Metacarpophalangeal joint arthrodesis. Extensor digital tendon (yellow arrow) displaced caudally (A). Tenotomy of extensor digital tendon (yellow arrows) and flexor digital tendon (red arrows) (B). Removal of joint cartilage with a curette (C). A plate and screws to stabilize the joint and fill joint space, using a syringe, with Bonelike® spherical granules (D).

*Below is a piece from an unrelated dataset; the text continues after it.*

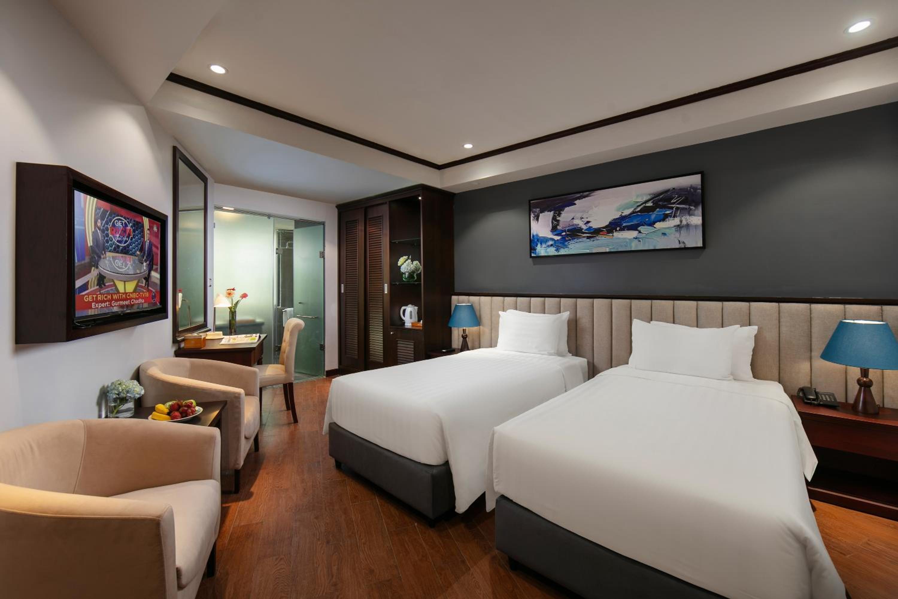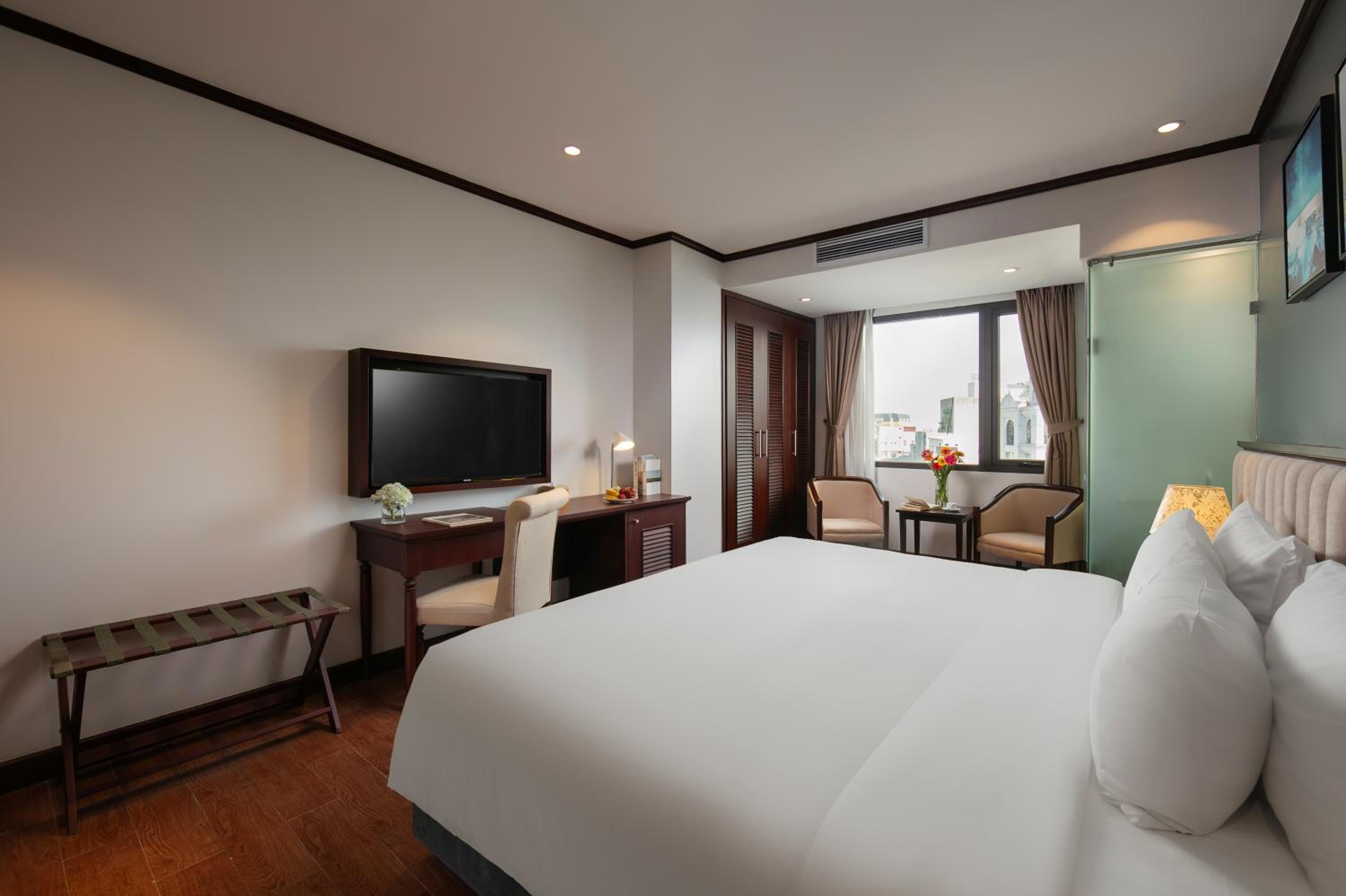 Upon checking in the room smelled like smoke (someone perhaps smoked inside previously). The front desk offered a new room, but only after coming upstairs to check themselves (like we were lying?) The second room the bathroom door got locked from the inside, so the mechanic had to come unlock it - quite disappointed checkin experience but it was handled well. Initially we were told a 4% extra fee would be applied for card payment- despite a no card fee notice on booking.com. eventually it was waved, but it was quite annoying that this is not managed better (no other respectable hotel chains in VN charge such fees).

The second clinical case was an adult horse that suffered an accident that resulted in the laceration of the medial aspect of the pastern. With this laceration, a medial ligament that causes instability to the pastern joint and consequently lameness was damaged. In clinical examination, a biomechanical instability of this joint was observed, and in X-ray examination, radiologic signs of subluxation and an increase in the medial joint space can be seen. Towards that it was decided to do the arthrodesis of proximal interphalangeal joint [68]. To approach the proximal interphalangeal joint, an I-shaped incision was performed in the skin over the dorsal aspect of the joint, and then a Z-incision was performed over the digital extensor tendon to expose the proximal interphalangeal joint. During the procedure, it was confirmed that this joint was not stable and there was an increased articular gap between the first and the second phalange on the medial aspect of the joint (Figure 9(B)). The cartilage from proximal interphalangeal was removed using a curette, and the joint space (Figure 9(A)) was filled with Bonelike® (Figure 9(C)). Three lag screws 3.2 mm were placed from the first to the second phalange crossing the joint space. The head screws stayed in a shelf made previously with an osteotome (Figure 9(D)). On the follow-up X-rays performed after the surgery, an important bone proliferation, with evidence of bone fusion and gradual reduction of the joint space, was noticed (Figure 10) [68].

Figure 9.

Proximal interphalangeal joint arthrodesis. Removing cartilage from proximal interphalangeal joint using a curette (A). A subluxation gap between the first and the second phalange at medial aspect of the joint (B). Applying with a syringe Bonelike® in proximal interphalangeal joint space (C). Three lag screws were placed from the first to the second phalange crossing the joint space (D).

Figure 10.

X-ray analysis follow-up of the proximal interphalangeal joint arthrodesis. The X-rays were taken at day 0 (pre-surgery), at day 155 and at day 250, with two projections. Lateral projection (A–C). Dorsoproximal projection (D–F).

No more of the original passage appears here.